Not so fast, partner. Do more than walk on, and your bit will end up on the cutting room floor. No one will ever see your award-winning performance.
Your only role is to support the Main Characters and their story in important but unobtrusive ways. You can be the bartender who takes their order. Or a co-worker at the water cooler. How about someone on the train who catches the Main’s eye because you remind him of the kindergarten bully? Or a red herring role as a robbery victim? You’re not seeing it? Hey, would you rather be “The Red Shirt” of Star Trek fame?
Sure, you can be smart. Or funny. Or evil and twisted. But you can’t steal the show. What’s that you say? You’ve heard about Mains who started as Minors and convinced the author they should be the star? All right, it can happen. If you get to the writer early enough. But if you don’t show up until she’s 70,000 words into the first draft, don’t hold your breath.
But if you behave yourself, maybe that writer will take a shine to you. Even if you’re stuck with a two-line role, maybe you can get a bigger part in the sequel. Or maybe, the Holy Grail—your own book as a Main Character.
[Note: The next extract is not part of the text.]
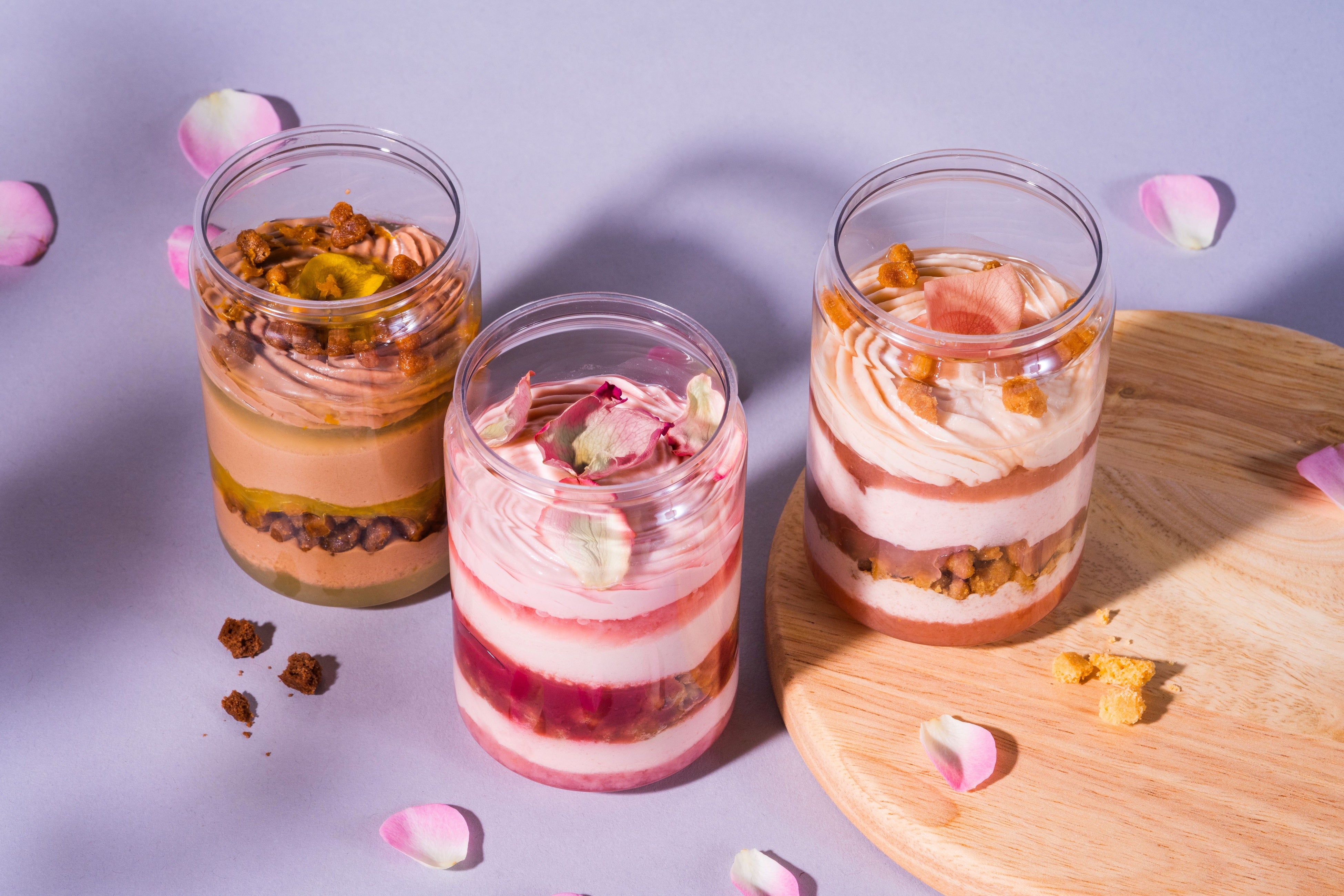 食感を楽しんでいただけるよう、クランブルにはホワイトチョコレートを一粒一粒コーティングして、サクサクの食感に。ムースやクリームは滑らかになるようにお作りしています。ジュレは解凍してもつるんとした食感を楽しめるよう、スフレチーズケーキはフワッとしっとり焼き上げて、詰め込んでいます。香りが1番のポイントで、瓶を空けて口に含んだ時に、薔薇や苺の芳醇な香り、ピスタチオの香ばしさやチーズのこくのある香り。新鮮な香りを逃さないようにお作りしました。

Okay, I just wanted to have some fun up there. Handling these Minor Characters isn’t always easy for me. Quite a few have shown up in Death Out of Time, and I wonder if I have too many. A couple of beta readers thought there were a lot to keep track of. But others didn’t have any problems.
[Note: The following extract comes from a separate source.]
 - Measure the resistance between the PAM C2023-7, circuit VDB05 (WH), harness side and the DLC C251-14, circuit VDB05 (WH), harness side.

I have dropped a few of them and rolled their remaining bits into characters who survived the cut. My husband didn’t think I even needed to do that. And he has an interesting take on the supporting cast, which I had to share.
When he reads, he thinks of the Minors as “the potted plants in the room.” They help “decorate” the set and the story. But he doesn’t worry about remembering their names and doesn’t need to know what they look like and what they want out of life. As long as there’s a “reminder” within a few sentences of their reappearance, he’ll remember who they are. And if they don’t come back, he doesn’t wonder what happened to them.
But I know other readers who get distracted by every new character who appears. They want details to flesh out those Minors—even if they’re only in a single scene as a foil for the Mains. It’s hard to satisfy a reader like that without writing a monster Russian-style novel à la Tolstoy. And I haven’t heard that too many agents and editors today are looking for such a work.
So I think it comes down to balance again. Have enough
potted plants Minors to decorate the story. But don’t let them get out of control and distract the reader from the real plot and the Main Characters.
What are your views on Minor Characters? Do you think there’s a set number that makes “too many,” or does it depend on the nature of the story? Has a Minor succeeded in becoming a Major in any of your work?